Bio Dehydrators From The Past To The Present: Where Are They Used and How?

Published on
December 11, 2023
A brief look into the history of how bio dehydrators have been used around the world.

In the ongoing quest for sustainable waste management solutions, the evolution of bio dehydrators has emerged as a revolutionary step forward. These ingenious machines have transformed the way we handle food waste, offering an environmentally friendly alternative that addresses waste disposal challenges while creating a valuable resource in the form of organic fertiliser. Technological advancements over the years have allowed bio dehydrators to create circular economies in all settings from residential to large-scale commercial. 

The Origins of Bio Dehydrators
The concept of using dehydration technology to manage organic waste has a relatively short history. The first commercial food waste bio dehydrators were developed in the early 2000s. Early innovations in food dehydration focused primarily on preserving and storing food for extended periods. However, over time, researchers and environmentalists recognised the potential to repurpose this technology for waste reduction and sustainability.

Where Are they Being Used and How?
Food waste dehydrators are becoming increasingly popular in South Korea as a way to reduce waste and create new products from food scraps. In 2005, South Korea banned the landfilling of food waste, which led to the development of new technologies for waste management. Food waste dehydrators were one of these technologies and they are now being used by businesses, institutions and even households in South Korea. 

The Seoul Metropolitan Government has been promoting the use of food waste dehydrators in public spaces since 2013. The government has installed dehydrators in a number of public places, such as parks, community centres and apartment complexes. They are available for free to use and are becoming increasingly popular. In 2017, the Seoul Metropolitan Government estimated that food waste dehydrators had prevented the disposal of 1,200 tonnes of food waste.

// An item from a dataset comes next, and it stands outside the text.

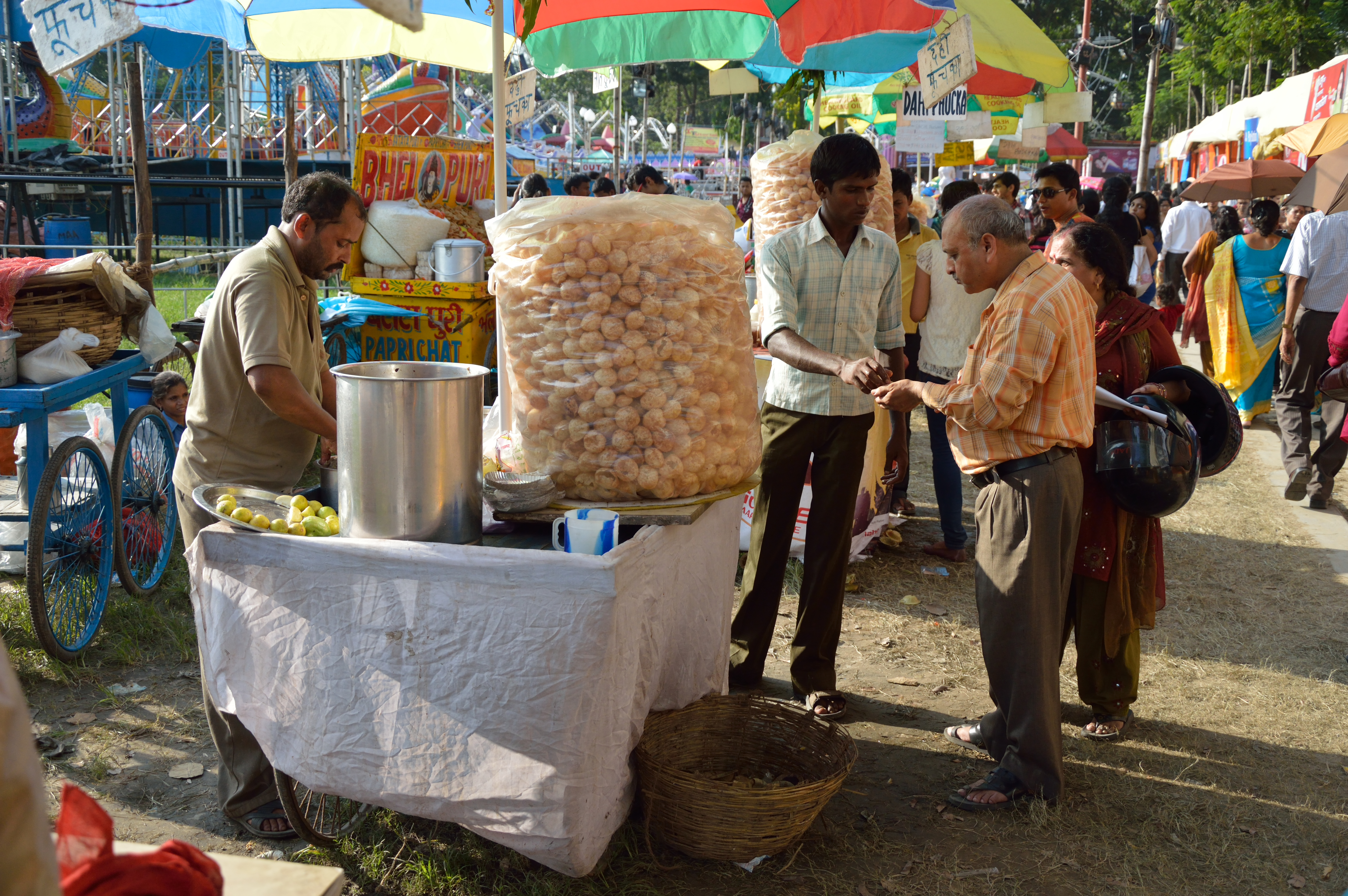 Photographed at greater Kolkata.

The government is also promoting the use of food waste dehydrators in private homes. They have provided subsidies to help people purchase dehydrators, and have also provided information and education about the many benefits. As a result of these efforts, the use of food waste dehydrators in Korea is growing. In 2017, it was estimated that there were over 100,000 food waste dehydrators in use in Korea. 

In more recent history, benchtop dehydrators have expanded into other Asian countries, too. In January 2021, distributors began selling the machines in India, Thailand, Malaysia, Indonesia and Sri Lanka. The use of food waste dehydrators in these countries is a critical step towards a greener future, with Asia alone producing 50% of the world’s food waste. The advanced technology employed in the compact, 5L dehydrators make them perfect for residential use - particularly in Asian countries where other disposal strategies such as composting are unrealistic, given the many highly-congested urban areas.

Other countries have also joined the movement towards more sustainable food waste disposal with bio dehydrators. Canada’s city of Nelson commenced a trial of bench-top dehydrators in 2020 which saw 151 residents participate. Over the course of the trial, an incredible 15 tonnes of food waste was processed and diverted from landfill. As a result of the trial’s overwhelming success, the city committed to purchasing a further 1,600 units to provide to households at no cost. If successful, this trial will then lead to all local residents of Nelson owning an Eco5 by 2024.

The use of bio dehydrators in Australia is also gaining serious momentum. Our range of advanced enrich360® dehydrators are becoming more popular in both commercial and residential settings. In Melbourne, six high-rise buildings have recently commenced a trial of the machines, allowing residents to redirect their food scraps from landfill and instead, transform them into a nutrient-rich fertiliser that is nourishing rooftop or community gardens.

In the food industry, these machines are utilised by restaurants, hotels, and catering services to process food scraps. Similarly, in the agricultural sector, bio dehydrators are becoming an integral component of modern farming practices. They are enabling Aussie farmers to transform food waste into organic fertilisers, enriching soil quality and enhancing crop yields. This closed-loop approach exemplifies the circular economy concept, where waste is transformed into resources that benefit other parts of the system.

The history of bio dehydrators for food waste reflects a journey of innovation and dedication to finding sustainable waste management solutions. From their early roots in food preservation to their current role in waste reduction and resource creation, these machines have transformed how we handle organic waste. With applications spanning industries and a mechanism grounded in scientific principles, bio dehydrators are pivotal in shaping a more environmentally conscious and sustainable future. As the adoption of bio dehydrators continues to grow across Australia and indeed the world, they stand as a testament to the power of innovation in addressing pressing environmental challenges.